Prognosis per anatomical location

The two-step meta-analysis approach (Fig. 4) shows that, compared to diploidy as reference, gain was associated with a significantly increased mortality for 7 subtypes, including papillary thyroid cancer (OR = 13.00), uveal melanoma (OR = 9.38), and renal papillary cell carcinoma (OR = 4.84); and a decreased mortality for tubular gastric adenocarcinoma (OR = 0.25). For amplification, mortality was significantly higher than diploidy for squamous cell head and neck carcinoma (OR = 2.23). For each anatomical location, all three models were presented if feasible (Table 1). For deletion, model 2 showed a significantly increased 5-year mortality for cancer of the uterus (OR = 4.84), colorectal (OR = 4.12), lung (OR = 1.91), and ovaries (OR = 1.83), and decreased risk of kidney cancer (OR = 0.41). After full adjustment (model 3), only the results for ovarian (OR = 1.52) and kidney cancer (OR = 0.52) were confirmed. For gain, model 2 found significant associations for cancer of the uterus (OR = 3.67), lung (OR = 1.76), colorectal (OR = 1.75), ovaries (OR = 1.53), and stomach (OR = 0.60), which were confirmed in model 3 for cancer of the uterus (OR = 1.99), lung (1.77), and ovaries (OR = 7.24). Amplification was associated with cancer of the uterus (OR = 4.58), prostate (OR = 4.41), head and neck (OR = 2.68), and stomach (OR = 0.56) in model 2, and ovaries in model 3 (OR = 9.73).

Prognosis per histological subtype

The 5-year mortality (model 2) was significantly higher for 8q24.3 deletion in serous cystadenocarcinoma of the ovaries (OR = 1.83) and squamous cell carcinoma of the lungs (OR = 1.79); and for gain/amplification in endometrial carcinoma (OR = 3.63), rectal adenocarcinoma (OR = 2.43), prostate adenocarcinoma (OR = 1.92), squamous cell carcinoma of the lungs (OR = 1.92), serous cystadenocarcinoma (OR = 1.44), chromophobe renal cell carcinoma (OR = 1.38), and tubular adenocarcinoma of the stomach (OR = 0.21)(Additional file 1: Tables S4-S5).

Discussion

Here, we showed that expression of HSF1 as well as other genes localized in 8q24.3 are tightly linked to 8q24.3 copy number. This large individual patient data meta-analysis approach showed evidence for higher 5-year mortality among individuals with 8q24.3 deletions, gain, and amplification. These overall results remained rather stable after adjustment for confounders and interaction by tumor stage, which supports a causal relationship that cannot be explained by tumor stage, HSF1 expression, or by the assessed confounders. Up to 9-fold increased risks were found for specific cancer types. This supports a potential causal relationship between 8q24.3 CNA and prognosis at least in some histological subtypes—although protective effects were found in a limited number of cancer types (kidney and stomach).

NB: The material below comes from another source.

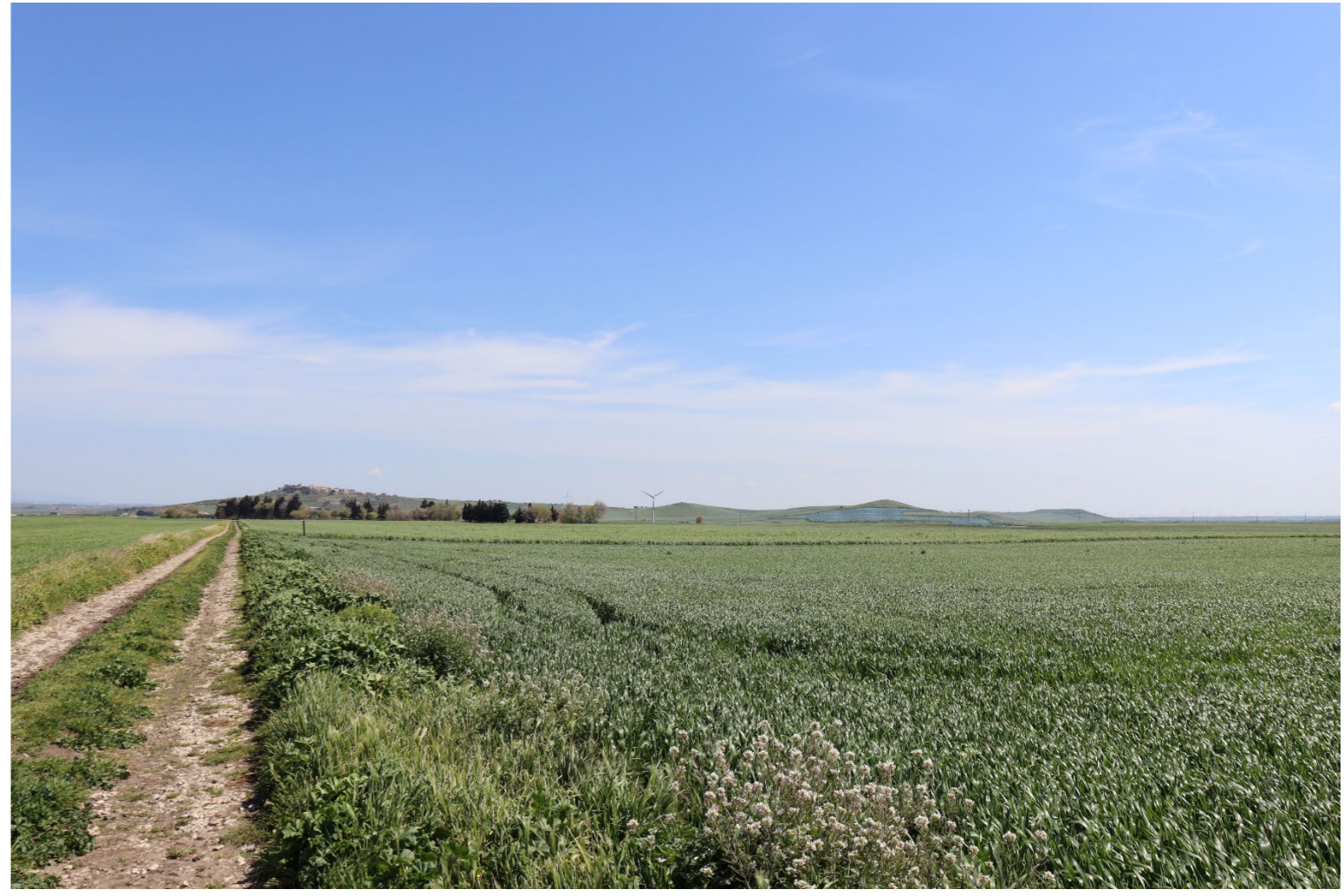
V6-VISTA DAL BENE 35-VERIFICA CON FOTOINSERIMENTO

Therefore, this suggests that 8q24.3 CNA and its complex transcriptional change imply either responsive or resistance in treatment, which needs further clinical and molecular investigations. For example in the different histological subtypes, it would be interesting to investigate with other known genomic biomarkers important in cancer as well exploring the link with complex karyotypes to explore assess the link with the stress of protein unbalances in tumors. It is also worthwhile to understand why both a deletion and a gain of 8q24.3 can lead to a poor prognosis in some tissues such as lung, colorectal, and ovaries. Possibly copy number change in 8q24.3 could alter transcriptional programming or could be associated with other genomic change including translocations and inversions that alters the resistance to treatment or favorize tumor growth.

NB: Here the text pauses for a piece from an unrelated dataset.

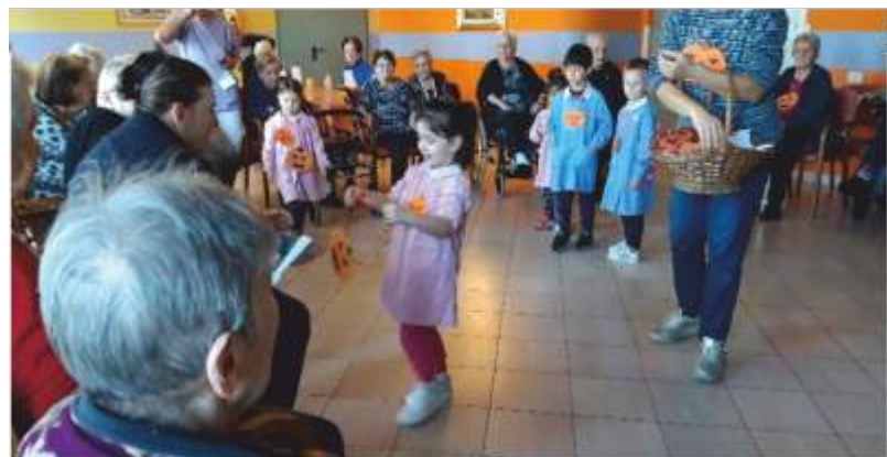
In visita ai "nonnini" a Casa Sant'Andrea

The main strength of this meta-analysis is that the results are based on a large population with available data on an individual level. Both applied meta-analyses approaches obtained similar results, with low to moderate statistical heterogeneity for all analyses. Yet, information was incomplete or missing for important prognostic variables such as tumor stage (missing in 50%) and confounders such as body mass index, smoking, and alcohol intake. Therefore, the most adjusted models were conducted on 42% of the cohort (complete case analysis), resulting in reduced power, which in turn contributed to the loss of statistical significance compared to the unadjusted analyses. Residual confounding cannot be ruled out. Consequently, the results have to be interpreted with caution, in particular, for specific histological subtypes with the low number of patients included in the analyses.

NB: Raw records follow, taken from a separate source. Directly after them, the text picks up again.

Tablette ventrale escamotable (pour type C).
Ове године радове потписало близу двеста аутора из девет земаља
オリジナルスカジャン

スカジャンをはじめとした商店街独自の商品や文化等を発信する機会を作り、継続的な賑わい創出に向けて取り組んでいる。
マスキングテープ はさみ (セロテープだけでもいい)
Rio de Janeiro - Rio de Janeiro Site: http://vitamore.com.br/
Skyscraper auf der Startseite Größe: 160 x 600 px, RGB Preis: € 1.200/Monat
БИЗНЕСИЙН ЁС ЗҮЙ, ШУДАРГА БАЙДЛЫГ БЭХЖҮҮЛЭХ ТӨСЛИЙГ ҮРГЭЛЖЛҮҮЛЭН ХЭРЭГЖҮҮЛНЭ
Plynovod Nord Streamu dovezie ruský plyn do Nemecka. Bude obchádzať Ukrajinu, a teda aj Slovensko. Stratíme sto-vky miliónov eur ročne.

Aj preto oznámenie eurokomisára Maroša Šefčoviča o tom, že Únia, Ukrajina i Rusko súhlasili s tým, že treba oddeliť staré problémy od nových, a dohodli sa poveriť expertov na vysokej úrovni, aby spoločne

Our findings may have substantial implications for the understanding and interpretation of biomarkers in cancer research and clinical investigations. Indeed, no less than 5000 publications were found for 16 popular genes including HSF1 in 8q24.3, of which 800 publications related to cancer field (Additional file 1: Appendix 4), mainly because those genes were found overexpressed in cancer (Additional file 1: Appendix 5).

Conclusions

Integration of 8q24.3 CNA detection may have substantial implications for interpreting the molecular pathogenesis of cancer. In a general aspect, our work indicates that histological diagnoses using biomarkers can be tightly linked to large CNA associated with complex gene expression pattern, pointing out the importance of understanding molecular pathogenesis to optimize cancer treatment.

Supplementary information

40246_2019_241_MOESM1_ESM.pdf^{(9.7MB, pdf)}

Additional file 1 : Table S1. Data Collected. Table S2. Descriptive characteristics of all individuals (n = 9568) with 8q24.3 homogenous copy number alteration information, first cancer diagnosis and 5-year follow-up. Table S3. Results of the 2-step individual patient data meta-analyses to assess the effect of 8q24.3 copy number variants on prognosis. Table S4. Five-year mortality by 8q24.3 copy number alteration using diploidy as a reference. Table S5. Five-year mortality of 15 cancer types with most cases of 8q24.3 gain and amplification using diploidy as a reference. Appendix 1. Flow chart illustrating selection of individuals for individual patient data meta-analysis. Appendix 2. Overview of HSF1 expression per histological subtype. Appendix 3. Expression of HSF1 in function of HSF1 copy number alteration per histological subtype. Appendix 4. Number of publication and description of selected cancer-related genes per field located in 8q24.3 cytoband. Appendix 5. Influence of 8q24.3 copy number alteration on other cancer-related genes expression located in 8q24.3 loci and comparison of expression with HSF1 per tissue. Appendix 6. Simple linear regressions of predicted 8q24.3 copy number alteration compared to the expression of genes located in 8q24.3 per tissue.

Acknowledgements

The authors thank the TCGA Research Network and its TCGA Pan-Cancer Analysis Working Group and cBioportal for Cancer Genomics.

Authors’ contributions

The study was designed by M-DD. M-DD collected samples and patient information. M-DD and NB cleaned, analyzed. and interpreted the data. KE gave valuable advice. NB and M-DD wrote the manuscript, which was critically revised by KE. The corresponding author had full access to the data and the final responsibility to submit for publication. All authors of this work had full access to this study and the data, and gave approval to submit the final manuscript.

Funding

This work was supported by grants from the Cancer Society CAN2015/169 and the Swedish Research Council 2016-01259. The funders had no role in study design, data collection and analysis, decision to publish, or preparation of the manuscript.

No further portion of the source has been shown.